The intensity of competition and the predictability of labour relations reinforced by the Works Councils are designed to build trust.  At Continental Foix, the French subsidiary of the German tyre group, trust and respect are also crucial to the production process.  “It’s about trust and fairness,” Plant Manager Jean Cazaubieilh told INSEAD.  “Trust is very important – showing people how to be autonomous to give them all the skills to understand the problem and even to solve the problem.”  Continental Foix manufactures brakes, powertrains and electronic control units.

Cazaubieilh’s management style earned him the top European Industrial Excellence Award at the  October Munich event. INSEAD Professor Stephen Chick, one of the award advisors,  described Continental Foix as an extremely efficient plant:  “Lean production was visible at all levels of the Continental Foix plant.  Management teams worked together humbly and with discipline.”

Accelerating Development of Green Technology

German automakers put a great emphasis on sustainable production, which includes the widespread use of renewable energy and recycling – any green strategy that reduces costs over the long run.  They invest heavily in research and development.  The 2012 EU Industrial R&D Investment Scoreboard reports the Continental group, which is best-known for its tyres and brake systems, spent 5.5 percent of net sales on research and development in 2011 – or roughly 1.7 billion euros.  That’s among the highest R&D share in the industry.  Daimler is not far behind with 5.3 percent and BMW with 5 percent. 

The drive to make vehicles more fuel efficient and reduce COemissions is leading to a new breed of hybrid, or mixed gas/electric, car – and is creating new markets.  “Electric vehicles are a good opportunity to enlarge our portfolio of products and really grow in this market,” says Cazaubieilh.  “We are at the start of this type of vehicle but it can be really promising for the future, anyhow you must have it because the customer will be asking for it.”

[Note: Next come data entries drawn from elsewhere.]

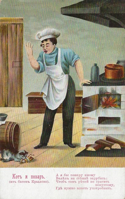 1930? Five postcards featuring colored images of Krylov's fables along with a short title and citation from the poem against a white background. €5 from Bartko-Reher, Berlin. June, '24. Three more for €5 each from Bartko-Reher, Berlin, Nov., ''24.
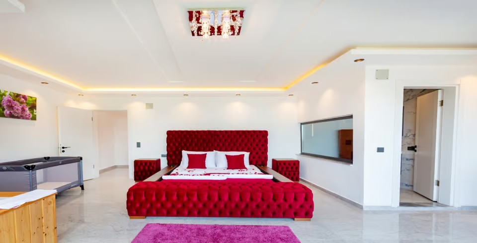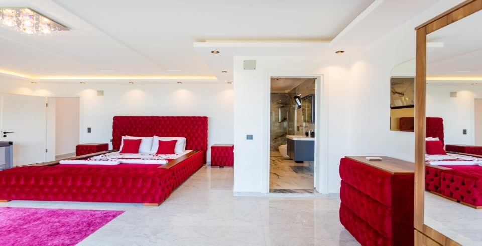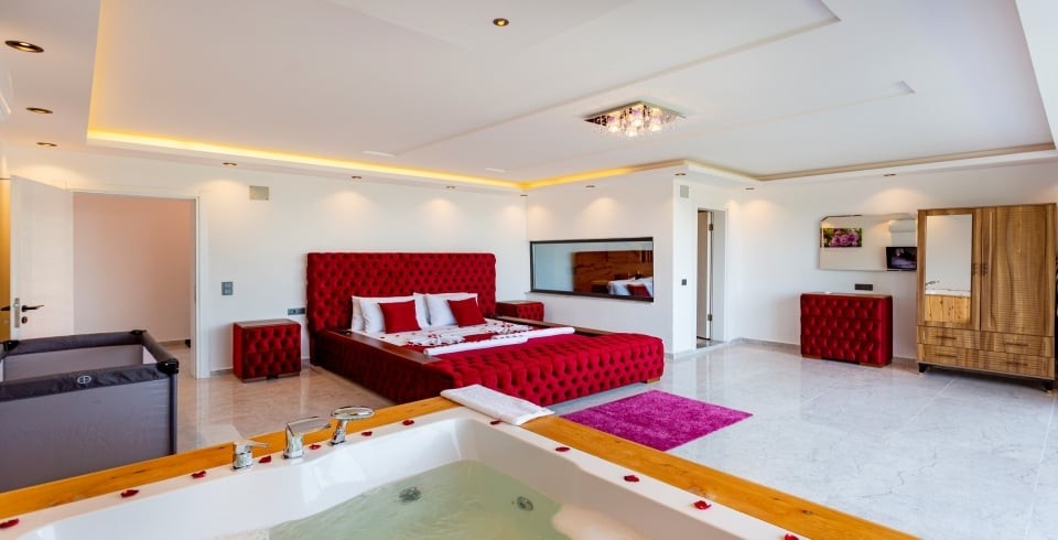 1. Yatak Odası : 1 adet çift kişilik yatak, klima, komodin, elbise dolabı, makyaj masası, jakuzi, banyo ve tuvalet bulunmaktadır.
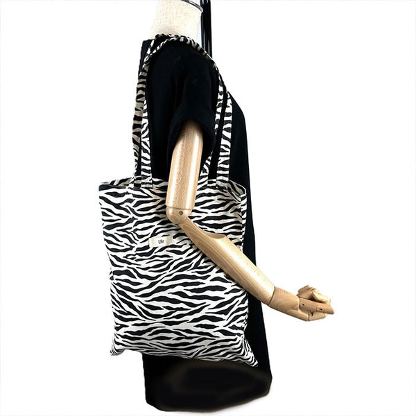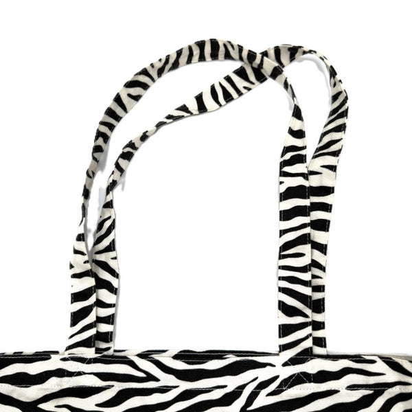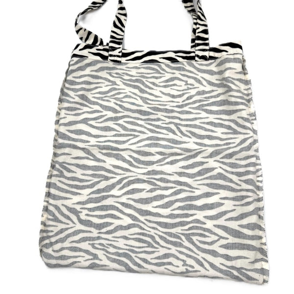 畳んで持ち歩ける使いやすいゼブラ柄エコバッグです。 使用感が少しあり、うっすら黄ばみ、ハンドルや入口にくすみ汚れがあります。 目立つ汚れや傷みはなくまだまだご使用いただけるお品物です。
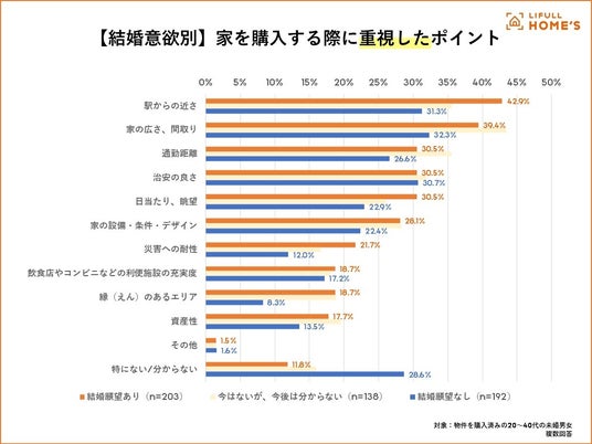 既に物件を購入している人に対し重視したポイントを聞いたところ、「特にない/分からない」と回答した割合が結婚願望ありは11.8%だったのに対し、結婚願望なしは28.6%にも上りました。全体的に各項目に対する選択割合も結婚願望ありの方が多く、結婚意欲のある人の方が家に対するこだわりが強いことがうかがえました。
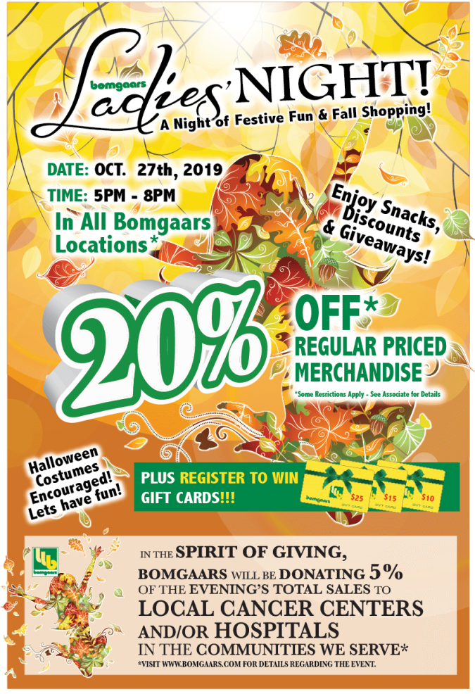 Bomgaars Ladies Night 2025 . Make plans to attend a night of festive fun and fall shopping! After investigating and going through lists of possible.

European Union laws require new cars to burn 40 percent less CO2 per kilometre by 2020.  As expected, the requirement is accelerating innovation.  The head of the VDA, Matthias Wissmann, says:  “Over the next three years we will invest 12 billion euros in alternative drive trains alone.  And by 2014, German automakers will have 15 electric vehicle models on the market.”

Daimler has a running start with its electric smart model.  The German automaker has its main assembly plant in France where it is surrounded by some eight suppliers.  The smart is a stylish city car, but also suitable for the autobahns.   Smart President Joachim Betker, told INSEAD at the Industrial Excellence Awards conference, “You have the torque right from the beginning so at the red traffic light, you’re one of the fastest to start.”  The smart fortwo ed model has a range of 110 kilometres (68 miles) and a top speed of 120 km/h (75 mph).  It recharges in 4-5 hours. 

Betker has been busy launching the electric car and the charging station infrastructure in 40 markets worldwide.  In Germany where the government is promoting a scheme to put 1 million electric cars on the road by 2020, municipalities have installed thousands of small charging stations next to parking meters.  “There is big public support because the overall objective is to reduce the CO2 emissions.  And this is a political objective - a public objective,” Betker explains.  “So there is strong support and it is needed to get the car on the road.”

So the overriding question now is whether the Germans can continue to increase profits in the luxury car market into 2013 if consumer spending slumps.  Sales in the Eurozone are lower – especially in Southern Europe – but German automakers so far have made up for it in other regions.